§ Task instructions
Starting with the line below that holds "- Enter your" and stopping after the line that holds "Am 17.10.2025 um", transcribe the lines exactly, leaving out all pictures.

§ Supplied information
+ + + + +

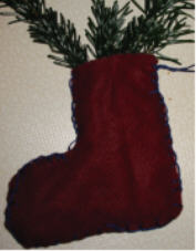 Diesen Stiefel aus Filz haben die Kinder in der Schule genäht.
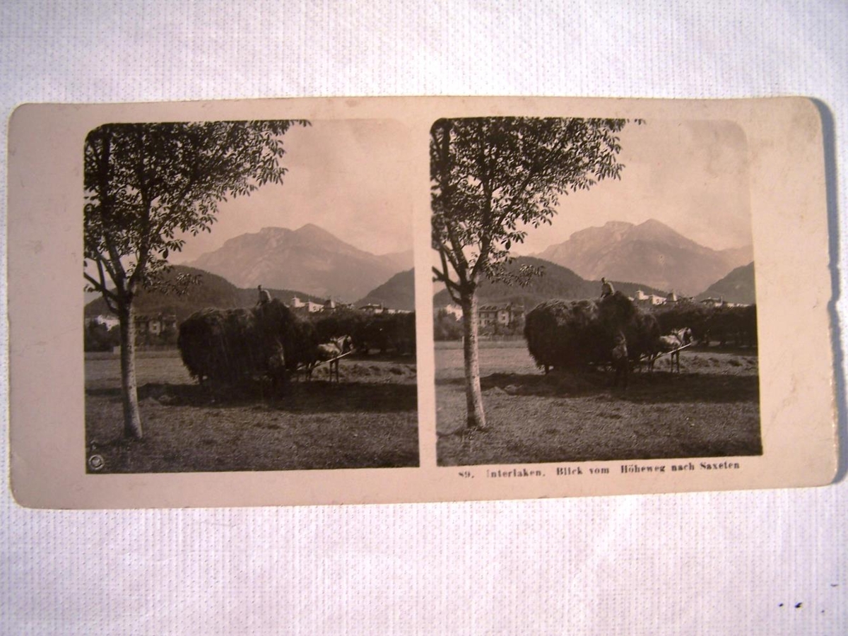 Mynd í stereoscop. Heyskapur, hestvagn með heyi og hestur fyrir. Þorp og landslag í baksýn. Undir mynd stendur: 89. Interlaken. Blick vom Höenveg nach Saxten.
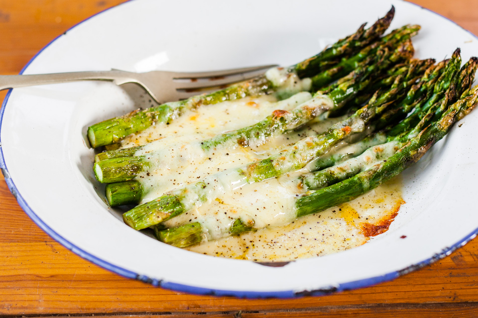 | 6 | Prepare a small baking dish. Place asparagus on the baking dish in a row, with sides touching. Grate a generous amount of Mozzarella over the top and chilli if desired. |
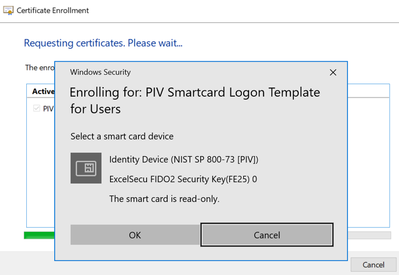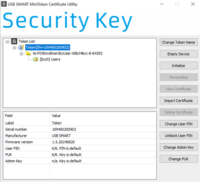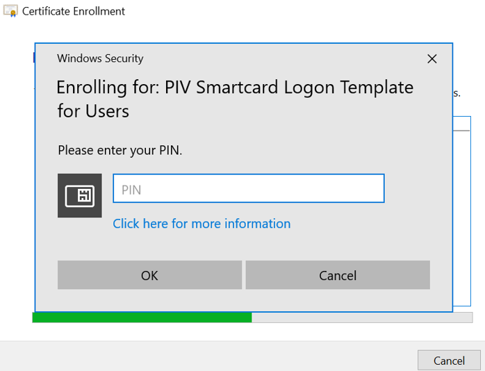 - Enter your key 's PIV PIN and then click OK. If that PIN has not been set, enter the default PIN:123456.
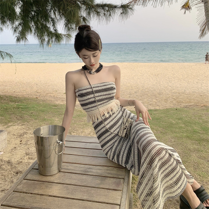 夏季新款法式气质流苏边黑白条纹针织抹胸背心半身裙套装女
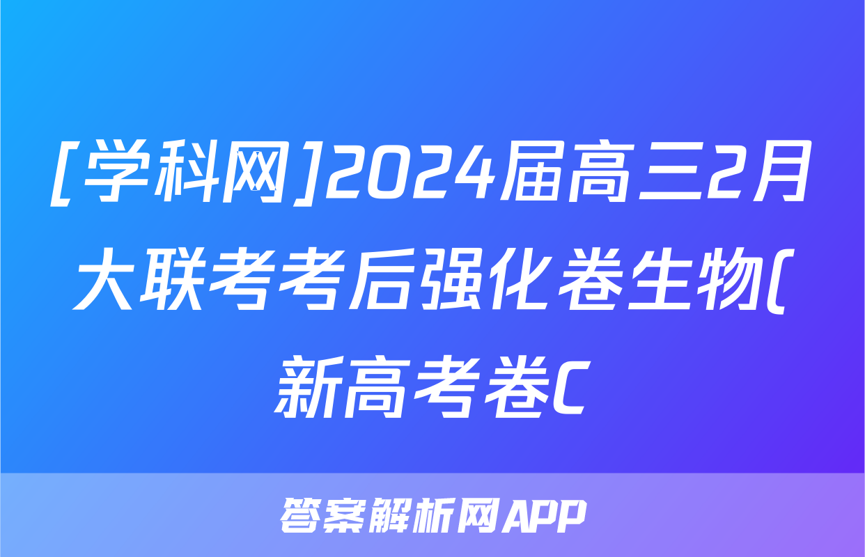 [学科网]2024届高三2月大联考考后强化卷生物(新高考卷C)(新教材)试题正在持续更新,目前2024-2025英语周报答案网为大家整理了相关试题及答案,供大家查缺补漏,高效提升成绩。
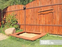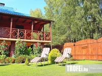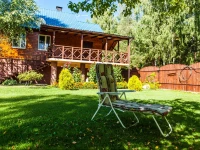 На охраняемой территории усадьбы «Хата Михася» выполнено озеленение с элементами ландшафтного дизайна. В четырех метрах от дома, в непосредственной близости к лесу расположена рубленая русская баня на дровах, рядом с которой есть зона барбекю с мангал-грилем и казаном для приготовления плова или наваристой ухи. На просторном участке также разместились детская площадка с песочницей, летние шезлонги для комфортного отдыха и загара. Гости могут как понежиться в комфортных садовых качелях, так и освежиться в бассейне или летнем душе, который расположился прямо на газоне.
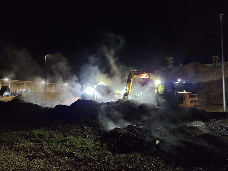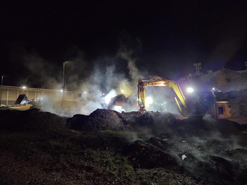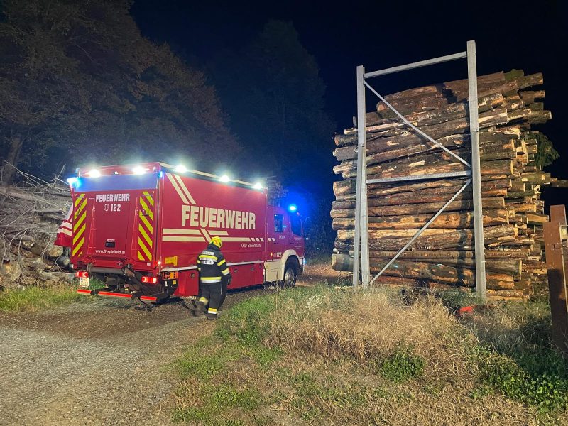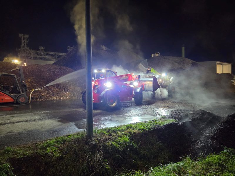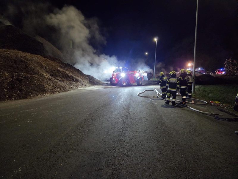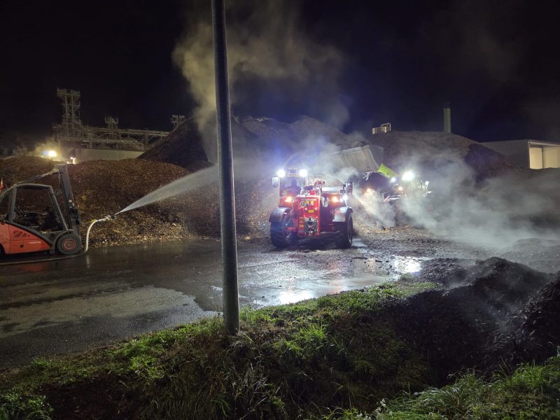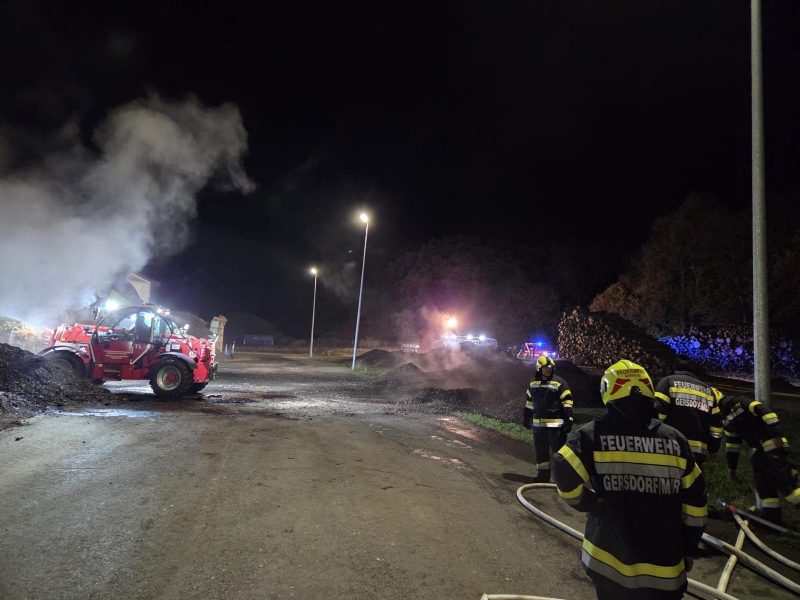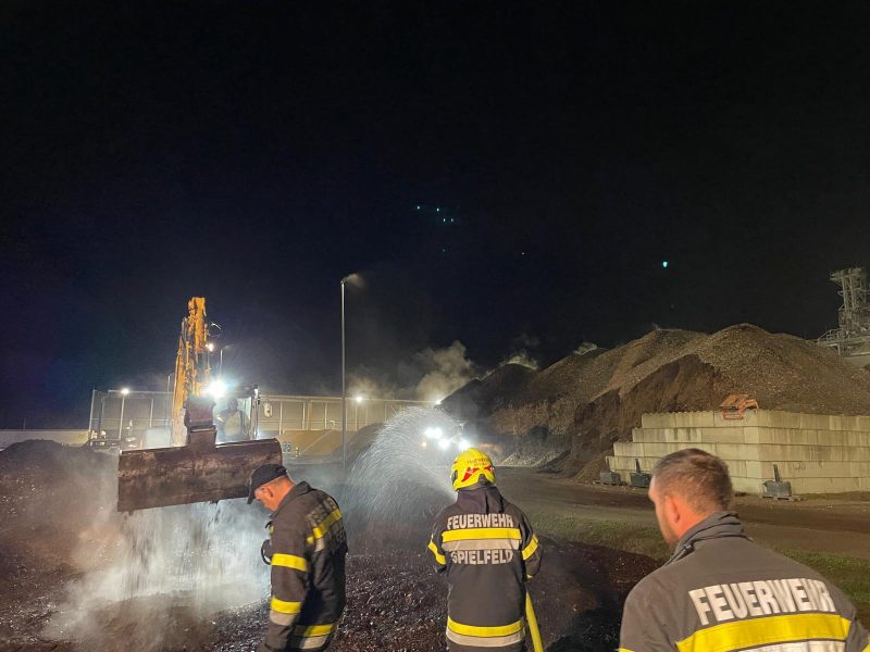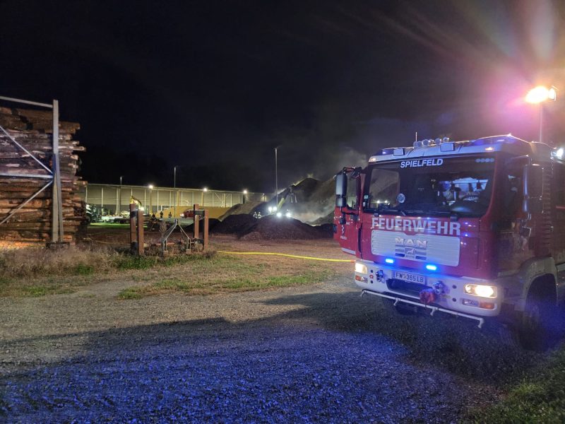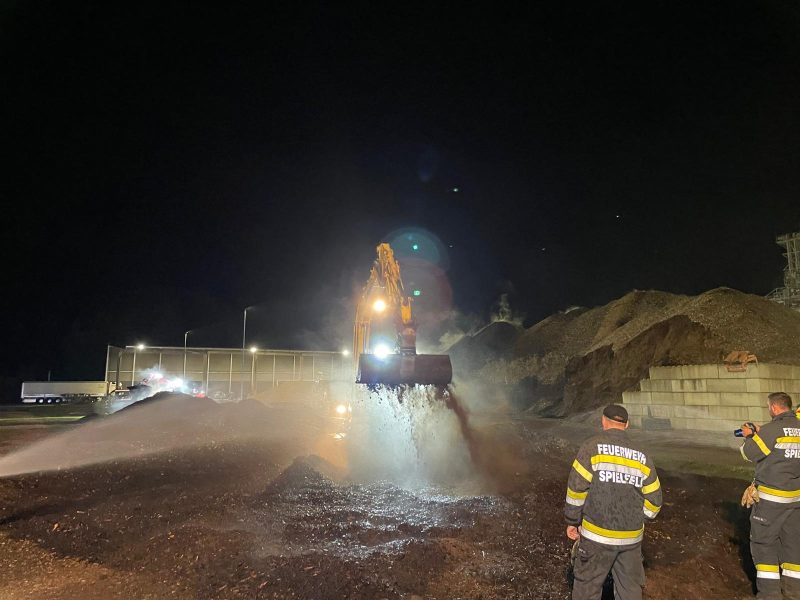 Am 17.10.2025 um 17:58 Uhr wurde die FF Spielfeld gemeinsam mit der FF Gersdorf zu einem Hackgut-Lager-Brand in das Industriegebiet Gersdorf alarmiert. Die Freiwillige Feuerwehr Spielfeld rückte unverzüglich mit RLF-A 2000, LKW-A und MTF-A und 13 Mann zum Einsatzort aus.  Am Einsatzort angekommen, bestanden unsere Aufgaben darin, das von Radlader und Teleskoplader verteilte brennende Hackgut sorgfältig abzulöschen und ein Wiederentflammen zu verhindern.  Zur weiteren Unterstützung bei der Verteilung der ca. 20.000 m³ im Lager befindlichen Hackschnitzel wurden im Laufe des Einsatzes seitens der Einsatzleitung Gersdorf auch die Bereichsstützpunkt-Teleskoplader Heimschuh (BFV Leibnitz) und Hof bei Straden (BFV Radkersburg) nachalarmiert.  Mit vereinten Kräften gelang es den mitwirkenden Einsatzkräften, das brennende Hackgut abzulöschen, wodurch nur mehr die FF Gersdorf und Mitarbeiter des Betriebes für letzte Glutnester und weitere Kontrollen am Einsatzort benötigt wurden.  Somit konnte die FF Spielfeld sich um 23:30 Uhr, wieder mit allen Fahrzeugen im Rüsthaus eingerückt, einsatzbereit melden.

+ + + + +

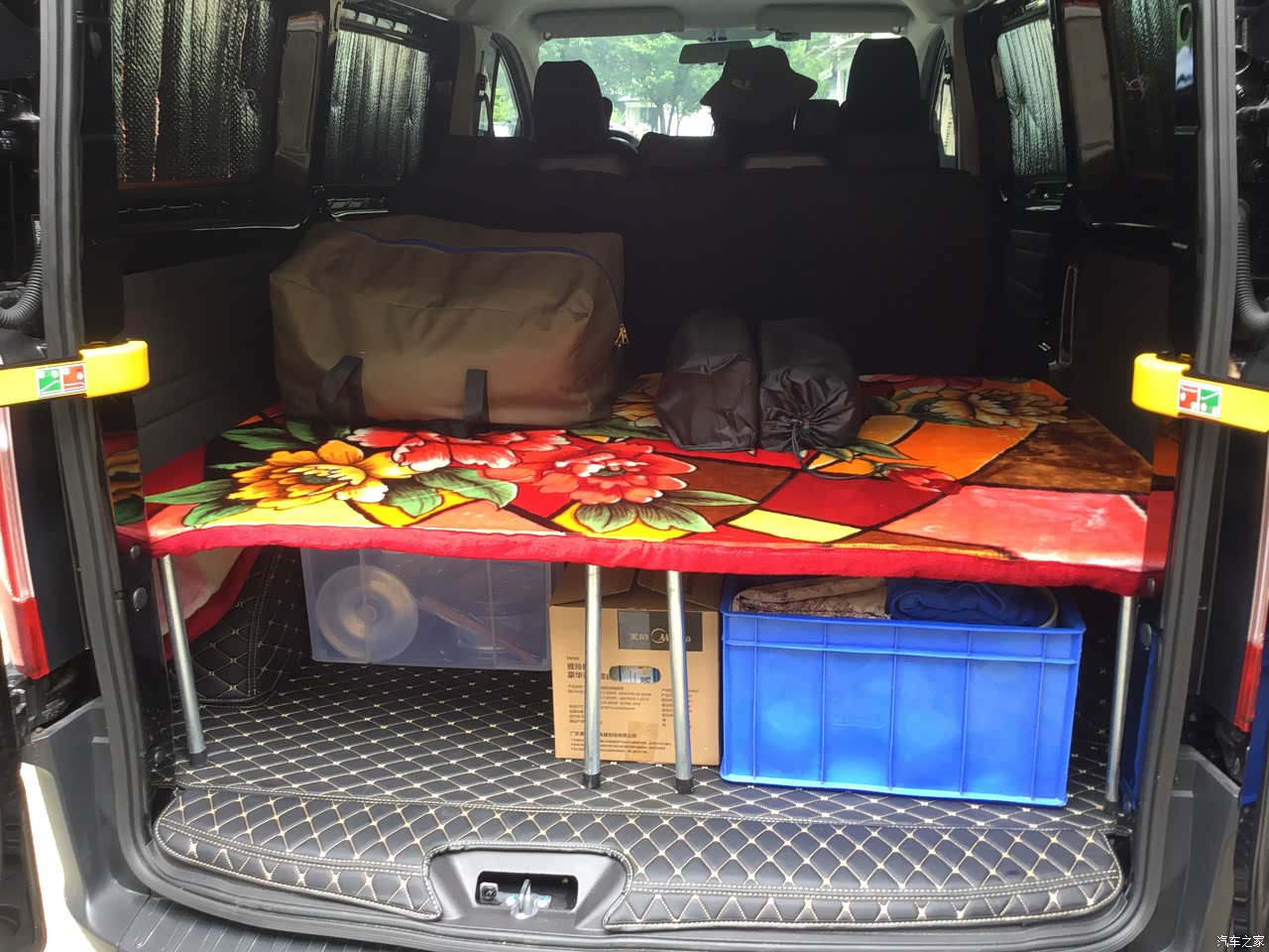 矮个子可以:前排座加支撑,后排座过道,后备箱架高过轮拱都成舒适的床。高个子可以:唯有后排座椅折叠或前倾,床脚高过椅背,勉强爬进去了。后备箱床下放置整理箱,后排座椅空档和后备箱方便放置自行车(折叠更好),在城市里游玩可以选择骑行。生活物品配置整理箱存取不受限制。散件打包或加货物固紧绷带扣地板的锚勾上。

+ + + + +

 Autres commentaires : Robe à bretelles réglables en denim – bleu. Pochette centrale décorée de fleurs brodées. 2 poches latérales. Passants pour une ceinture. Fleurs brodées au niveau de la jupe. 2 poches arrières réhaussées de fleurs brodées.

+ + + + +

§ Written solution
 - Enter your key 's PIV PIN and then click OK. If that PIN has not been set, enter the default PIN:123456.
 夏季新款法式气质流苏边黑白条纹针织抹胸背心半身裙套装女
 [学科网]2024届高三2月大联考考后强化卷生物(新高考卷C)(新教材)试题正在持续更新,目前2024-2025英语周报答案网为大家整理了相关试题及答案,供大家查缺补漏,高效提升成绩。
 На охраняемой территории усадьбы «Хата Михася» выполнено озеленение с элементами ландшафтного дизайна. В четырех метрах от дома, в непосредственной близости к лесу расположена рубленая русская баня на дровах, рядом с которой есть зона барбекю с мангал-грилем и казаном для приготовления плова или наваристой ухи. На просторном участке также разместились детская площадка с песочницей, летние шезлонги для комфортного отдыха и загара. Гости могут как понежиться в комфортных садовых качелях, так и освежиться в бассейне или летнем душе, который расположился прямо на газоне.
 Am 17.10.2025 um 17:58 Uhr wurde die FF Spielfeld gemeinsam mit der FF Gersdorf zu einem Hackgut-Lager-Brand in das Industriegebiet Gersdorf alarmiert. Die Freiwillige Feuerwehr Spielfeld rückte unverzüglich mit RLF-A 2000, LKW-A und MTF-A und 13 Mann zum Einsatzort aus.  Am Einsatzort angekommen, bestanden unsere Aufgaben darin, das von Radlader und Teleskoplader verteilte brennende Hackgut sorgfältig abzulöschen und ein Wiederentflammen zu verhindern.  Zur weiteren Unterstützung bei der Verteilung der ca. 20.000 m³ im Lager befindlichen Hackschnitzel wurden im Laufe des Einsatzes seitens der Einsatzleitung Gersdorf auch die Bereichsstützpunkt-Teleskoplader Heimschuh (BFV Leibnitz) und Hof bei Straden (BFV Radkersburg) nachalarmiert.  Mit vereinten Kräften gelang es den mitwirkenden Einsatzkräften, das brennende Hackgut abzulöschen, wodurch nur mehr die FF Gersdorf und Mitarbeiter des Betriebes für letzte Glutnester und weitere Kontrollen am Einsatzort benötigt wurden.  Somit konnte die FF Spielfeld sich um 23:30 Uhr, wieder mit allen Fahrzeugen im Rüsthaus eingerückt, einsatzbereit melden.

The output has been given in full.